Oh, and dropping a lifter in the motor is a very bad thing. Especially when its on the back 2 cylinders. :doh:
 
Cam installs aren't to bad at all really once you've done one.

Oh, and dropping a lifter in the motor is a very bad thing. Especially when its on the back 2 cylinders. :doh:

ANYTHING on the back 2 sucks! Me and #6 are sworn enemies.

And no, the cam isn't that bad.....just a bunch of tedious, time consuming stuff to get to it.
 
The dowel was just fine on the truck with 139K on it, so no need to mess with it.

Could it have benefited? Sure. Was it needed? No.
 
never understand why people just dont pull the oil pan off, take lose the engine mounts and get an engine lift to pick up the engine and you have room to pull the pan. makes the lifter install easy peasy
 
never understand why people just dont pull the oil pan off, take lose the engine mounts and get an engine lift to pick up the engine and you have room to pull the pan. makes the lifter install easy peasy

Because you don't need to pull the tappets on a cam swap.

On a new install, yes, but on a swap you just use the dowels to hold them in place. Even with a new install, you don't need to drop the pan. Fishing line, putty and a thin piece of flexible cutting board works perfect.

Adds a ton more work to lift the motor when there's no reason to do it.

Only reason to lift the motor and pull the pan is if you drop a tappet.
 
I called them about 2 hours after they left this morning and they were really pleased overall.

We pulled the Sportsman springs that were in it and installed the Hamilton's, we also fixed an intermittent connection problem on the TST, so it's gonna take a while to see the real gain.

We have him scheduled to dyno the weekend of Mar 12 - 15th. Last time we had that truck on the dyno it did 556 HP / 1058 TQ, but the valves were floating badly and the truck was breaking up at 2500 RPM's.

I only did 2 full pulls with it, I backed out on the 3rd pull because I was worried about hurting the truck.
 
Very Nice writeup. Thanks for putting all of the pictures up. Make sure to re-lash the valves before the dyno and you should be very happy.

Thanks again


Zach
 
Because you don't need to pull the tappets on a cam swap.

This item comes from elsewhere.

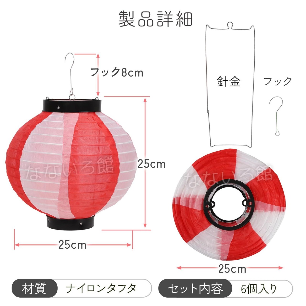[なないろ館] カラー ちょうちん 6個セット ナイロン製 提灯 お祭り 七夕 花火大会 装飾 夏祭り 文化祭 屋台 赤ちょうちん お神輿 みこし 6色
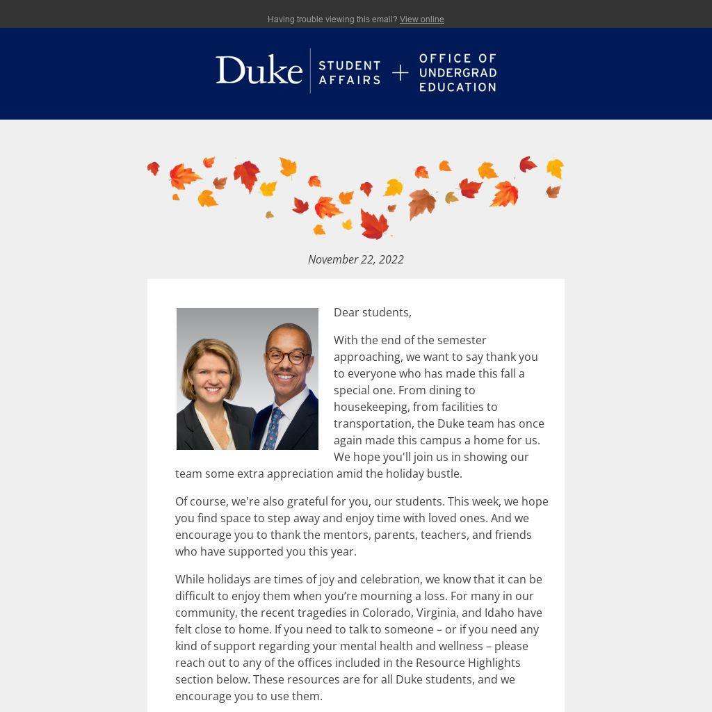 While holidays are times of joy and celebration, we know that it can be difficult to enjoy them when you’re mourning a loss. For many in our community, the recent tragedies in Colorado, Virginia, and Idaho have felt close to home. If you need to talk to someone – or if you need any kind of support regarding your mental health and wellness – please reach out to any of the offices included in the Resource Highlights section below. These resources are for all Duke students, and we encourage you to use them.

On a new install, yes, but on a swap you just use the dowels to hold them in place. Even with a new install, you don't need to drop the pan. Fishing line, putty and a thin piece of flexible cutting board works perfect.

Adds a ton more work to lift the motor when there's no reason to do it.

Only reason to lift the motor and pull the pan is if you drop a tappet.

well that makes perfet sense for some reason i was thinking tappet swap
 
Well, initial results are he is HIGHLY pleased, but his u-joints are not.

He wanted to see the "butt dyno" difference with the new cam and he snapped a u-joint.
 
whats a cam install usually cost?? to install springs pushrods and cam and tappets
 
Depends on the area you live in.

What might cost $300 in one area, might cost $1000 in another.